O estopim da operação foi um incêndio que destruiu os alojamentos e teria sido provocado pelos próprios trabalhadores como forma de protesto contra as péssimas condições de vida e trabalho. Segundo os auditores, o local apresentava riscos à saúde, com refeitórios improvisados, ambientes insalubres, alimentos estragados e ausência de Equipamentos de Proteção Individual (EPIs). Houve relatos de doenças de pele e acidentes não comunicados oficialmente.
Muitos trabalhadores disseram ter pago pela vaga de emprego ou pelas passagens até o canteiro, enquanto outros tiveram os custos descontados ilegalmente dos salários. Também foi descoberto um esquema de controle de ponto paralelo, com registro “por fora” de horas extras pagas em dinheiro vivo, sem recolhimento de encargos trabalhistas.
Sem conseguir contratar no local, a empresa promoveu um recrutamento em massa nos estados do Norte e Nordeste.
O recrutamento era feito por meio de carros de som e mensagens em grupos de WhatsApp, com falsas promessas de altos ganhos com horas extras.
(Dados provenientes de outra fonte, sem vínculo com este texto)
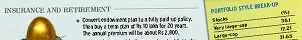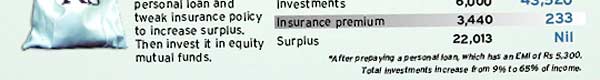 Another way to increase Shukla's monthly surplus is by converting his endowment plan to a fully paid-up policy. The plan is very expensive and provides a cover of Rs 8 lakh at an annual premium of about Rs 41,000. To compensate for the loss in cover, Shukla can buy a term plan of Rs 10 lakh for 20 years. The annual premium will be about Rs 2,800. These two moves, prepaying his personal loan and converting the endowment plan to a fully paidup policy, will add Rs 8,740 to his surplus. As recommended earlier, he should invest this sum in equity mutual funds.
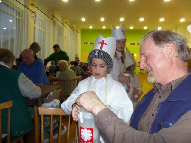 Před čtvrtou odpolední se do sálu kulturního domu dostavily všechny skupinky tancechtivých, všichni dostali při vstupu kvalitní víno a pověstné výborné věnečky s krémem, pečené paní předsedovou, a program začal, jako vždycky, pěveckým vystoupením ždíreckých koledníků, kterým se turisté kromě potlesku odměnili finančními příspěvky do tříkrálové sbírky.
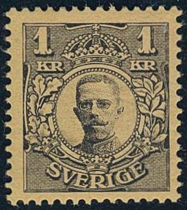 Sweden, Facit 77vm9 or Scott 72 *, 1 Krona black with parts of two inverted crowns horizontally. Extremely rare – according to Facit only one known.
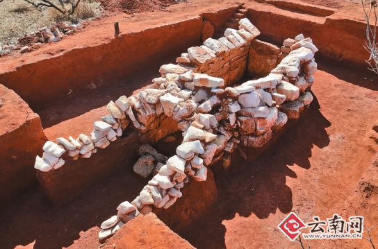 云南省考古文化研究所工作人员万杨介绍,两座墓属于“粱堆”墓。“粱堆”是对有高大封土堆墓的一个泛称,此类墓葬广泛分布于滇中、滇东地区,属魏晋南北朝居多。此次考古发掘全面运用了小型无人机航拍、考古数字化管理平台、三维建模、RTK和全站仪测绘等先进的科学技术手段,发掘出的一号墓地表可见封土高约1.5米,直径约10米。墓葬呈“凸”字型,墓室的墙体和券顶用大小不等的石块建构,石块之间未使用任何粘连材料,中空的墓室全靠石块之间的重力挤压而成。由于古墓多次被盗,随葬器物被洗劫一空,经专家整理修复,发现了少量的陶甑、陶钵、铜耳杯、鎏金铜器残件等。相邻的二号墓无论规模、形制还是出土的器物,都比一号墓要好。还建有过滤於土、防止水沟堵塞的先进排水沟,更为难得的是,二号墓发现了铜跪俑、铜刁斗、瓷碗、人形金箔等陪葬物品。

A alimentação era insuficiente e imprópria para o consumo, com relatos de comida com larvas e moscas. Após o incêndio, alguns trabalhadores foram transferidos para casas ou ginásios, mas continuaram em situação degradante, sem camas, roupas de cama ou local seguro para seus pertences — muitos dos quais foram perdidos no fogo, outros foram transferidos para hotéis da região, a cerca de 30 quilômetros do local da obra.
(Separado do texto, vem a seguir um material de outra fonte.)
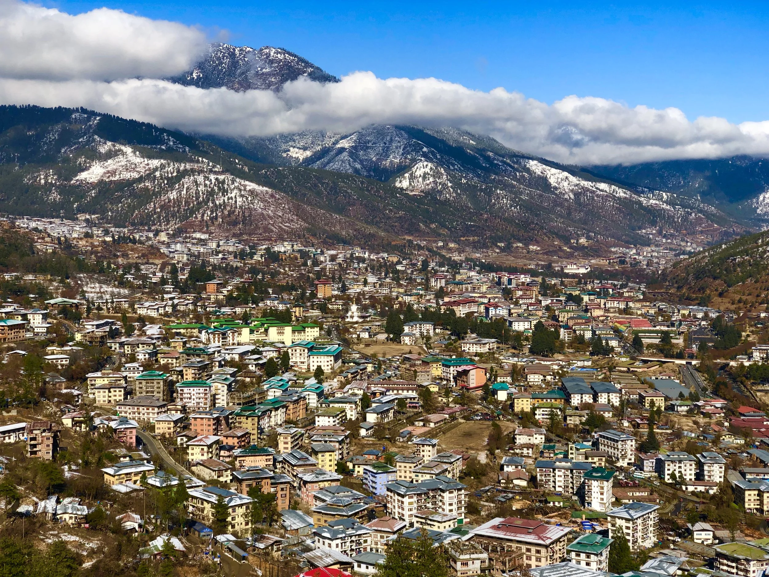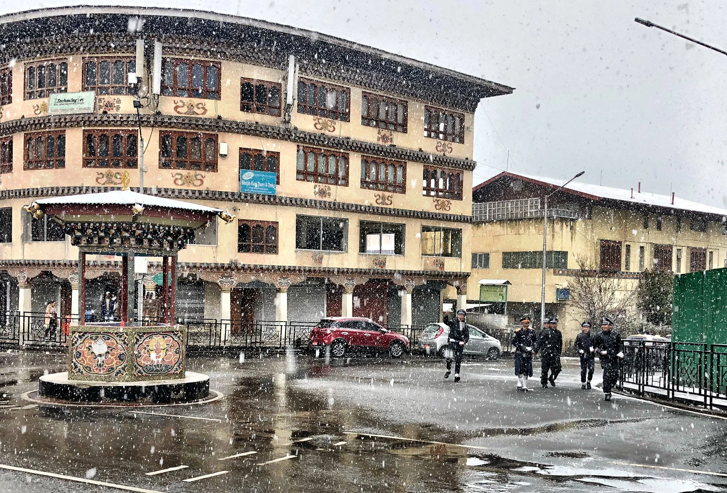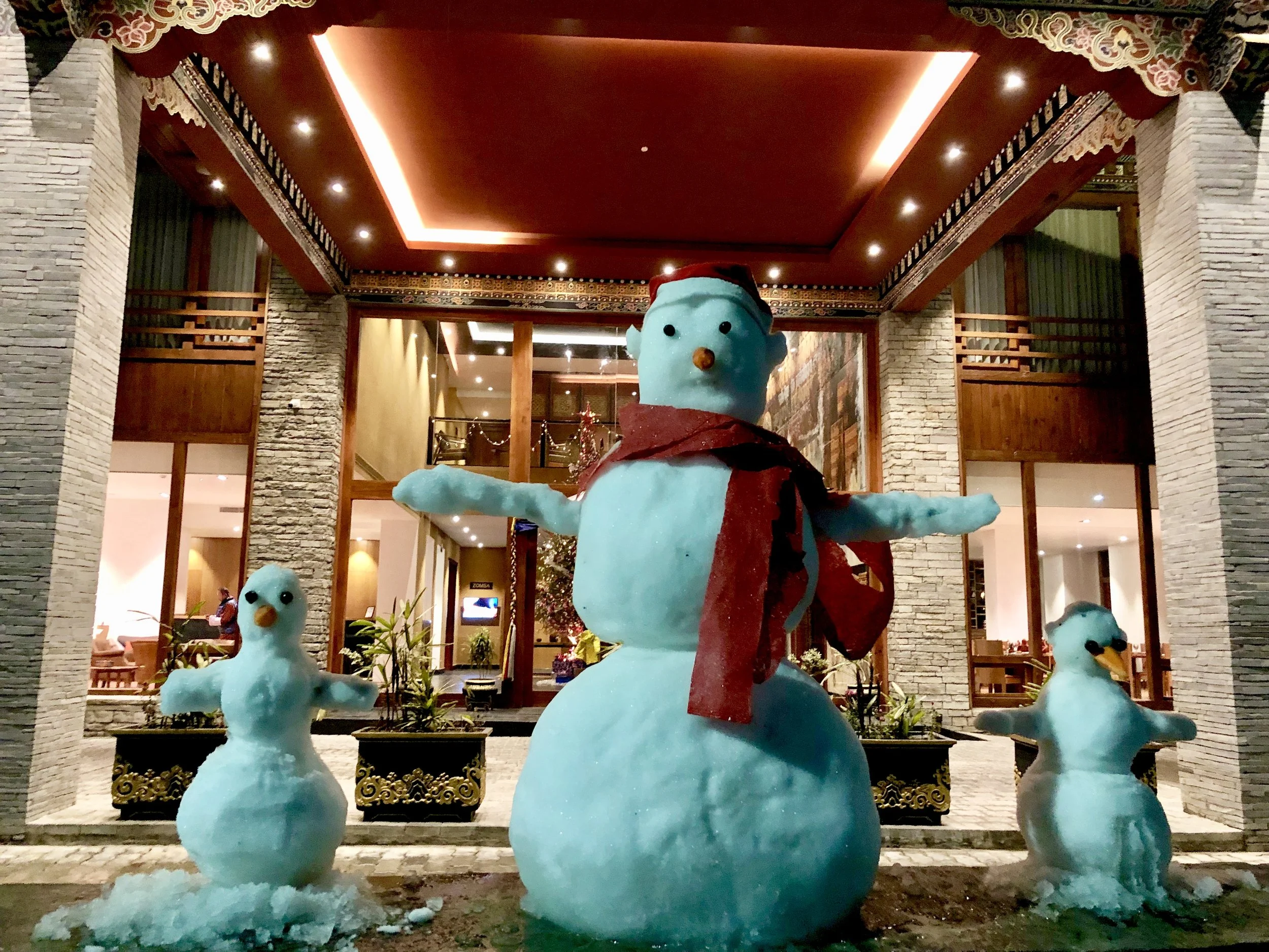 The walk into town was an adventure. Everyone was taking selfies and snowmen were appearing all across town. We got to heart of Thimphu where a sole traffic cop normally is stationed directing traffic, but this day it stood deserted. At first we were not sure what was going on, as 6 or 7 police were stopping taxis and collecting snow, then bam, a huge snowball hit me on the side of the leg. Next thing we knew we were being pelted by snowballs. Turns out when it snows in Bhutan, everyone is fair game to be pelted. As we did errands throughout the day we got better at spotting who had the snowballs, how to hide and the umbrella came in useful as a defense weapon. Everyone was grinning from ear to ear and the place was a sloppy, wet mess of fun.
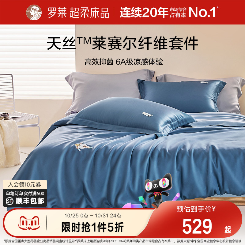 罗莱家纺奥地利100支兰精天丝四件套被套夏季凉感丝滑裸睡套件

Trabalhadores teriam colocado fogo como forma de protesto contra a situação do seu trabalho (Foto: Ministério do Trabalho e Emprego (MTE) / Ministério Público do Trabalho)
Pagamento para os trabalhadores
A empresa agora negocia um Termo de Ajustamento de Conduta (TAC), que prevê o pagamento de:
- Pagamento das rescisões;
- Indenizações por dano moral individual e coletivo;
- Indenizações pelos gastos com o deslocamento para o Mato Grosso;
- Pagamento das despesas de retorno e alimentação as cidades de origem dos trabalhadores resgatados;
- Pagamento de R$ 1.000,00 a cada trabalhador como compensação pelos bens pessoais perdidos no incêndio.
Os trabalhadores também terão acesso ao seguro-desemprego especial para vítimas de trabalho escravo. A TAO Construtora mantém outras três obras em andamento no estado, com cerca de 1.200 empregados no total. A força-tarefa continua investigando o caso.